Le lundi 12 mai dernier, la première conférence de l’Union africaine sur la dette s’est ouverte à Lomé au Togo. Claver Gatete, secrétaire général adjoint des Nations unies, et secrétaire exécutif de la Commission économique pour l’Afrique (CEA), était parmi les personnalités présentes. Que retenir de son intervention ?
Sur tout le continent, l’accès aux financements concessionnels se réduit, tandis que l’escalade des tarifs douaniers affaiblit l’accès au marché des produits africains. Pour nombre de pays, cela se traduit par des coûts d’emprunt plus élevés, une baisse des recettes d’exportation et des budgets plus serrés, à un moment où l’expansion budgétaire est essentielle à une croissance inclusive.
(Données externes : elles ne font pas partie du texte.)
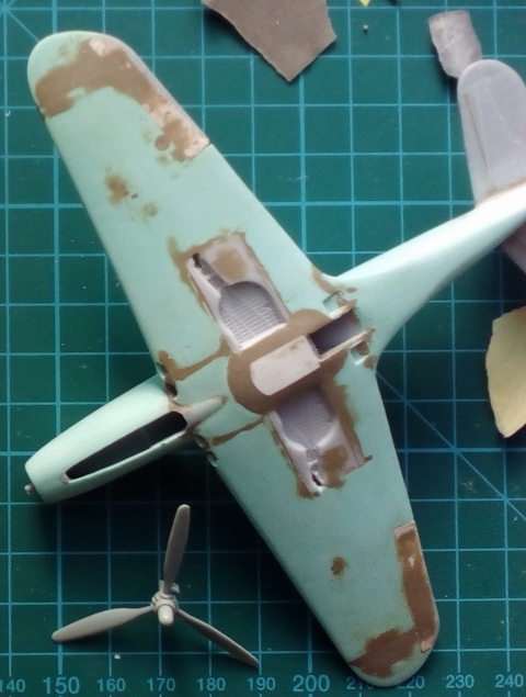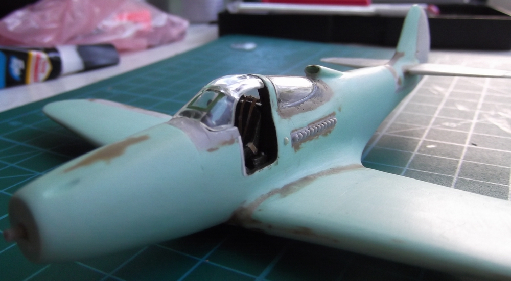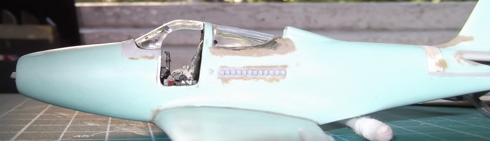 еще створки системы охлаждения добавить, "трубу" соединяющую рули высоты и думаю доклеить самоклейкой переплет фонаря, затем носовой отсек, капот и лючки. потом загрунтую...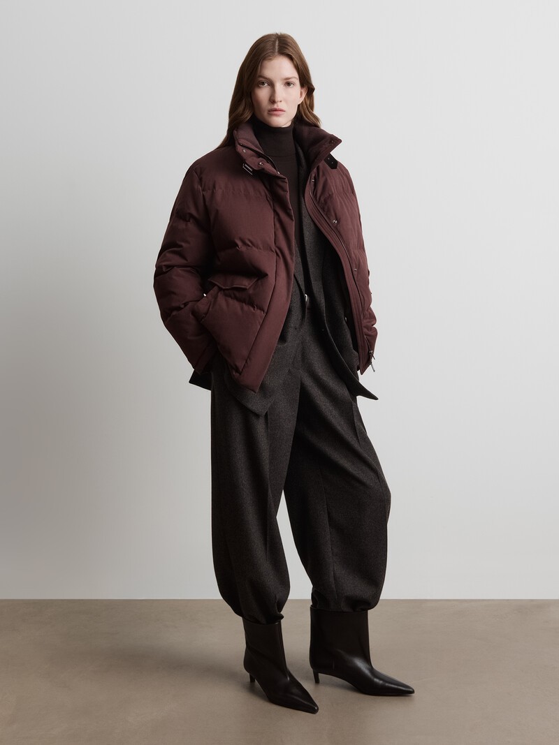 Новинка нашей коллекции — плотно набитый пуховик из бархатистой хлопковой ткани с элементами из натуральной кожи. Уютный округлый силуэт, высокий воротник, манжеты из мягкой мериносовой шерсти, подкладка из микрофлиса в карманах — каждая деталь обещает, что зима будет приятной. Мы используем здесь ткань от нашего корейского поставщика — эксперта в разработке технологичных материалов на натуральной основе. Индекс Fill Power — 750, максимально высокий для натурального утиного пуха. В этом пуховике — 190 г пуха (размер S), поэтому в нем должно быть тепло до -15 °C. Сделано в Китае.

En effet, l’Afrique n’est pas seulement confrontée à une crise de la dette; elle est confrontée à une crise du développement, une crise dans laquelle le service de la dette entre en concurrence directe avec la santé, l’éducation, les infrastructures et le droit fondamental au développement. La question qui se pose selon Claver Gatete est : « De quel type de solution avons-nous besoin et dans quel délai pouvons-nous la mettre en œuvre ? ».
Premièrement , l’on doit repenser la dette comme un outil de développement et non de destruction. Il faut garder à l’esprit que la dette n’est pas intrinsèquement mauvaise ; ce qui compte, c’est à quoi elle sert. À cet égard, la CEA défend une approche de développement, dans laquelle les emprunts sont liés à des investissements productifs dans l’énergie, les infrastructures, l’industrie et les services connexes.
“En termes simples, nous devons cesser d’emprunter pour consommer et plutôt emprunter pour transformer”, recommande Claver Gatete. Deuxièmement, il recommande d’approfondir la transparence et renforcer la gestion de la dette. L’Afrique a besoin de stratégies globales, propres à chaque pays, qui prennent en compte tous les passifs, y compris ceux des entreprises publiques.
La transparence doit évoluer vers une culture de responsabilité, instaurant un climat de confiance avec les citoyens et les investisseurs. La CEA travaille en étroite collaboration avec les gouvernements africains pour fournir un soutien technique, des analyses de la dette et des outils numériques de gestion de la dette pour soutenir cette démarche.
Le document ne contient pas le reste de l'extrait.